• Data provided:

· · · · · · ·

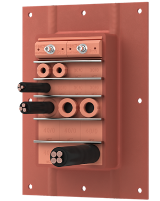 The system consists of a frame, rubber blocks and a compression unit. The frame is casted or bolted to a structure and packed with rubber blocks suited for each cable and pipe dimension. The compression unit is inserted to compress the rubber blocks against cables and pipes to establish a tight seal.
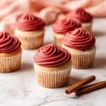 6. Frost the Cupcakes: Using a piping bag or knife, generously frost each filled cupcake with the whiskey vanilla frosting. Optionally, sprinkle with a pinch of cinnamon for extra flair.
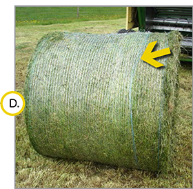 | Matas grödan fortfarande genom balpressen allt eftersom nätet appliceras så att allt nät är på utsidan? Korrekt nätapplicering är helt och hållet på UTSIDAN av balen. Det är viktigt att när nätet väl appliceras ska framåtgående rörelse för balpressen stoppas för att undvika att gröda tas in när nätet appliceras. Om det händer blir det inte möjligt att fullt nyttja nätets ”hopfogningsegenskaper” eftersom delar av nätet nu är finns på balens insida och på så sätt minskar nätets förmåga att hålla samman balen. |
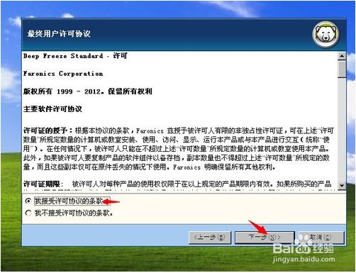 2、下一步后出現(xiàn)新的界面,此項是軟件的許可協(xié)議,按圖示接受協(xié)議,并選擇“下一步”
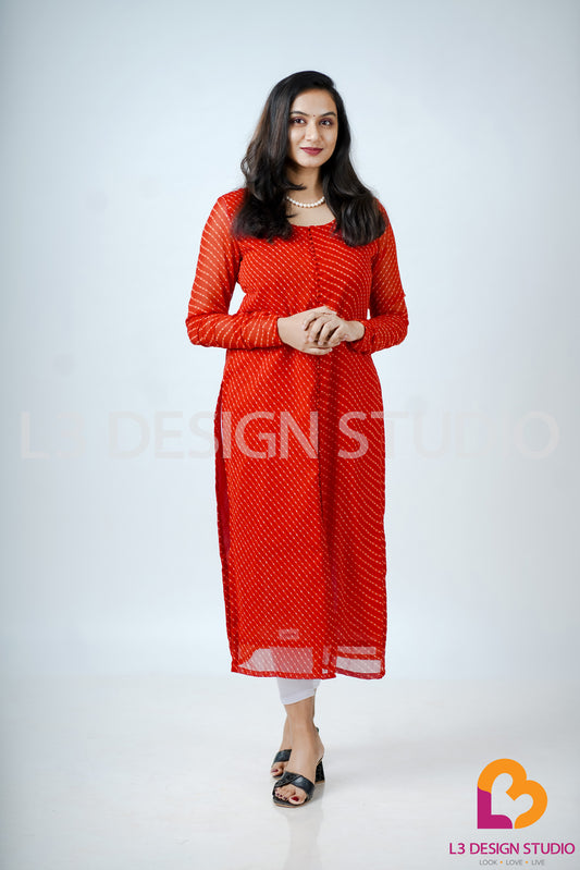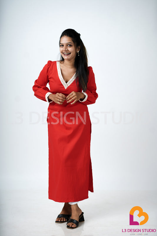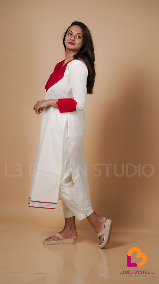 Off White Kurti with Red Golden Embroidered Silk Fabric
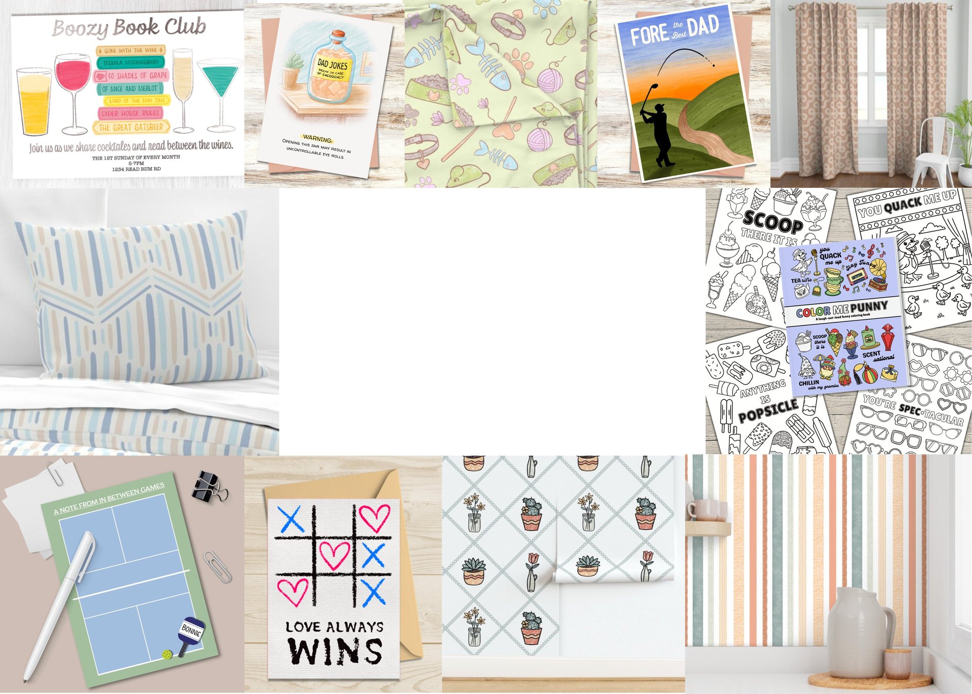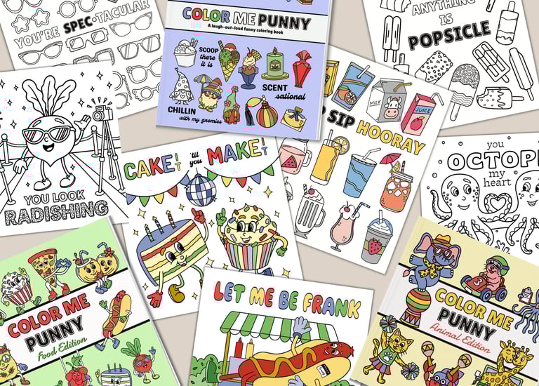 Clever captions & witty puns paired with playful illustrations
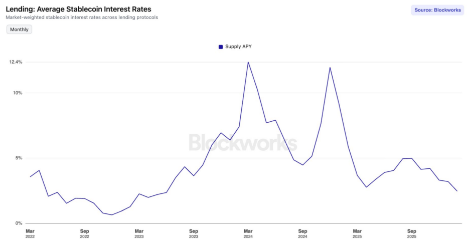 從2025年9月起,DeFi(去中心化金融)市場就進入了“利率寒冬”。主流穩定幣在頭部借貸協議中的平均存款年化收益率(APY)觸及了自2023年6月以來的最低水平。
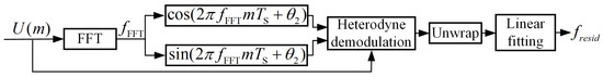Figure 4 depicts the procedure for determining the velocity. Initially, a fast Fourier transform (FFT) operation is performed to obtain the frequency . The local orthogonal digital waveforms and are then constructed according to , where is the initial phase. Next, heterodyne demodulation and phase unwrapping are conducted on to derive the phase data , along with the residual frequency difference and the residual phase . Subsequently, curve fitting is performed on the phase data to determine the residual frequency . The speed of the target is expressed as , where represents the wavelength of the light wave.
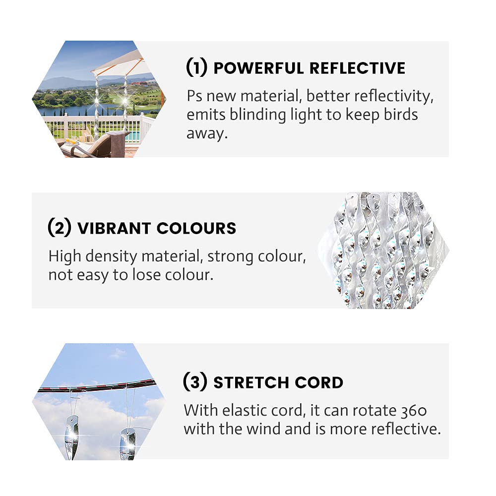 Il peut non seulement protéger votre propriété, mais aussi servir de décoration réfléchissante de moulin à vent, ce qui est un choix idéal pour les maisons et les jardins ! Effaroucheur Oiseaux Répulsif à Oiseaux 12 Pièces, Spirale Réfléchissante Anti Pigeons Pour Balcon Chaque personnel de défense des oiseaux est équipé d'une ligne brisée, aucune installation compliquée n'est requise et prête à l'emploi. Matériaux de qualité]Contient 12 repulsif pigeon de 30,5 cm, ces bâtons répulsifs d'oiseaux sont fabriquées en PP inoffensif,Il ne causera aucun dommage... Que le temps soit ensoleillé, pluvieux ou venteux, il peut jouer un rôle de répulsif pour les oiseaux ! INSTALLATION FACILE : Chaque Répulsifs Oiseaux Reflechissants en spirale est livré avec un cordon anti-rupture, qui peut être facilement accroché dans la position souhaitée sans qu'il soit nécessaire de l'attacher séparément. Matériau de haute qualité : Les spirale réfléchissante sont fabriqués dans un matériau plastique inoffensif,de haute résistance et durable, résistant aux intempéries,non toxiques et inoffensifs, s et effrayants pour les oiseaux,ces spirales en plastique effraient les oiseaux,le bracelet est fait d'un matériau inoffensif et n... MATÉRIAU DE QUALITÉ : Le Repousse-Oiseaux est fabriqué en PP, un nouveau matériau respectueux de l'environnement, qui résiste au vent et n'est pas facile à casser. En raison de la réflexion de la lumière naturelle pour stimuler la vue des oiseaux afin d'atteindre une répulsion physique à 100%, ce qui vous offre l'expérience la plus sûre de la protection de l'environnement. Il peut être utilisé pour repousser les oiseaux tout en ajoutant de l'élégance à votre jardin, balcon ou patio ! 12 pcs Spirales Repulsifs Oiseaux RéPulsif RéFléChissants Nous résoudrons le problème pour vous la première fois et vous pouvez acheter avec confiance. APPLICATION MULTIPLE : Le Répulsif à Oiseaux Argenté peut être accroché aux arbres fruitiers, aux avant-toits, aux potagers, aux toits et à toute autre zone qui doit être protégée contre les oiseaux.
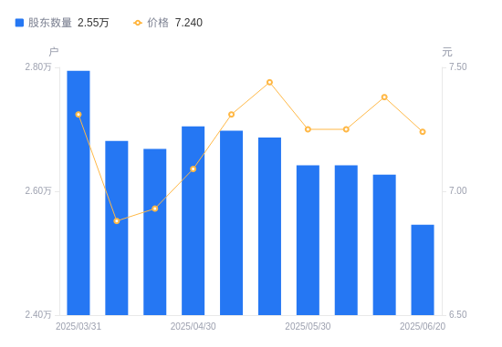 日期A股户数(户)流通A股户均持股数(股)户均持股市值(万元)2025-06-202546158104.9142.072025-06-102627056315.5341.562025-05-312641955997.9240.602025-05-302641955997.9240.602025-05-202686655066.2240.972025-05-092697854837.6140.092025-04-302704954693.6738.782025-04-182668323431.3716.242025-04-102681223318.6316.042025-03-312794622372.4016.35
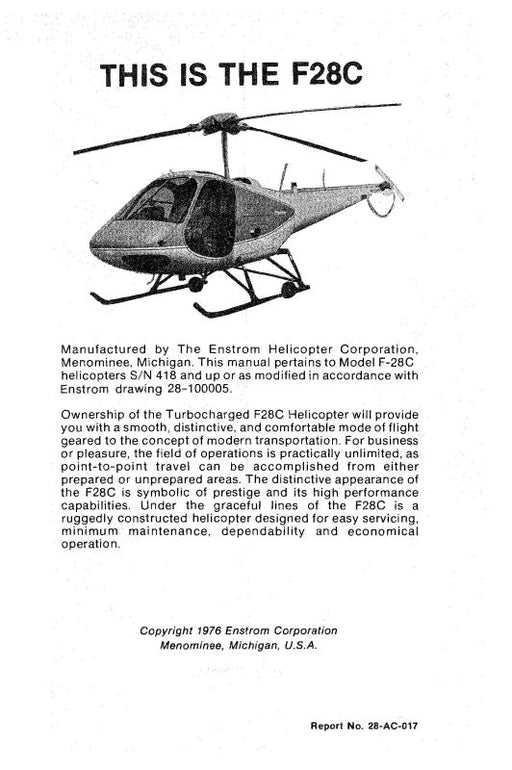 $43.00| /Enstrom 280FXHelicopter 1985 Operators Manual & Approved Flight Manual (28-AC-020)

· · · · · · ·

• Try it:
Will you set down the records word for word while leaving out every picture?

• Task response:
 The system consists of a frame, rubber blocks and a compression unit. The frame is casted or bolted to a structure and packed with rubber blocks suited for each cable and pipe dimension. The compression unit is inserted to compress the rubber blocks against cables and pipes to establish a tight seal.
 6. Frost the Cupcakes: Using a piping bag or knife, generously frost each filled cupcake with the whiskey vanilla frosting. Optionally, sprinkle with a pinch of cinnamon for extra flair.
 | Matas grödan fortfarande genom balpressen allt eftersom nätet appliceras så att allt nät är på utsidan? Korrekt nätapplicering är helt och hållet på UTSIDAN av balen. Det är viktigt att när nätet väl appliceras ska framåtgående rörelse för balpressen stoppas för att undvika att gröda tas in när nätet appliceras. Om det händer blir det inte möjligt att fullt nyttja nätets ”hopfogningsegenskaper” eftersom delar av nätet nu är finns på balens insida och på så sätt minskar nätets förmåga att hålla samman balen. |
 2、下一步后出現(xiàn)新的界面,此項是軟件的許可協(xié)議,按圖示接受協(xié)議,并選擇“下一步”
 Off White Kurti with Red Golden Embroidered Silk Fabric
 Clever captions & witty puns paired with playful illustrations
 從2025年9月起,DeFi(去中心化金融)市場就進入了“利率寒冬”。主流穩定幣在頭部借貸協議中的平均存款年化收益率(APY)觸及了自2023年6月以來的最低水平。
Figure 4 depicts the procedure for determining the velocity. Initially, a fast Fourier transform (FFT) operation is performed to obtain the frequency . The local orthogonal digital waveforms and are then constructed according to , where is the initial phase. Next, heterodyne demodulation and phase unwrapping are conducted on to derive the phase data , along with the residual frequency difference and the residual phase . Subsequently, curve fitting is performed on the phase data to determine the residual frequency . The speed of the target is expressed as , where represents the wavelength of the light wave.
 Il peut non seulement protéger votre propriété, mais aussi servir de décoration réfléchissante de moulin à vent, ce qui est un choix idéal pour les maisons et les jardins ! Effaroucheur Oiseaux Répulsif à Oiseaux 12 Pièces, Spirale Réfléchissante Anti Pigeons Pour Balcon Chaque personnel de défense des oiseaux est équipé d'une ligne brisée, aucune installation compliquée n'est requise et prête à l'emploi. Matériaux de qualité]Contient 12 repulsif pigeon de 30,5 cm, ces bâtons répulsifs d'oiseaux sont fabriquées en PP inoffensif,Il ne causera aucun dommage... Que le temps soit ensoleillé, pluvieux ou venteux, il peut jouer un rôle de répulsif pour les oiseaux ! INSTALLATION FACILE : Chaque Répulsifs Oiseaux Reflechissants en spirale est livré avec un cordon anti-rupture, qui peut être facilement accroché dans la position souhaitée sans qu'il soit nécessaire de l'attacher séparément. Matériau de haute qualité : Les spirale réfléchissante sont fabriqués dans un matériau plastique inoffensif,de haute résistance et durable, résistant aux intempéries,non toxiques et inoffensifs, s et effrayants pour les oiseaux,ces spirales en plastique effraient les oiseaux,le bracelet est fait d'un matériau inoffensif et n... MATÉRIAU DE QUALITÉ : Le Repousse-Oiseaux est fabriqué en PP, un nouveau matériau respectueux de l'environnement, qui résiste au vent et n'est pas facile à casser. En raison de la réflexion de la lumière naturelle pour stimuler la vue des oiseaux afin d'atteindre une répulsion physique à 100%, ce qui vous offre l'expérience la plus sûre de la protection de l'environnement. Il peut être utilisé pour repousser les oiseaux tout en ajoutant de l'élégance à votre jardin, balcon ou patio ! 12 pcs Spirales Repulsifs Oiseaux RéPulsif RéFléChissants Nous résoudrons le problème pour vous la première fois et vous pouvez acheter avec confiance. APPLICATION MULTIPLE : Le Répulsif à Oiseaux Argenté peut être accroché aux arbres fruitiers, aux avant-toits, aux potagers, aux toits et à toute autre zone qui doit être protégée contre les oiseaux.
 日期A股户数(户)流通A股户均持股数(股)户均持股市值(万元)2025-06-202546158104.9142.072025-06-102627056315.5341.562025-05-312641955997.9240.602025-05-302641955997.9240.602025-05-202686655066.2240.972025-05-092697854837.6140.092025-04-302704954693.6738.782025-04-182668323431.3716.242025-04-102681223318.6316.042025-03-312794622372.4016.35
 $43.00| /Enstrom 280FXHelicopter 1985 Operators Manual & Approved Flight Manual (28-AC-020)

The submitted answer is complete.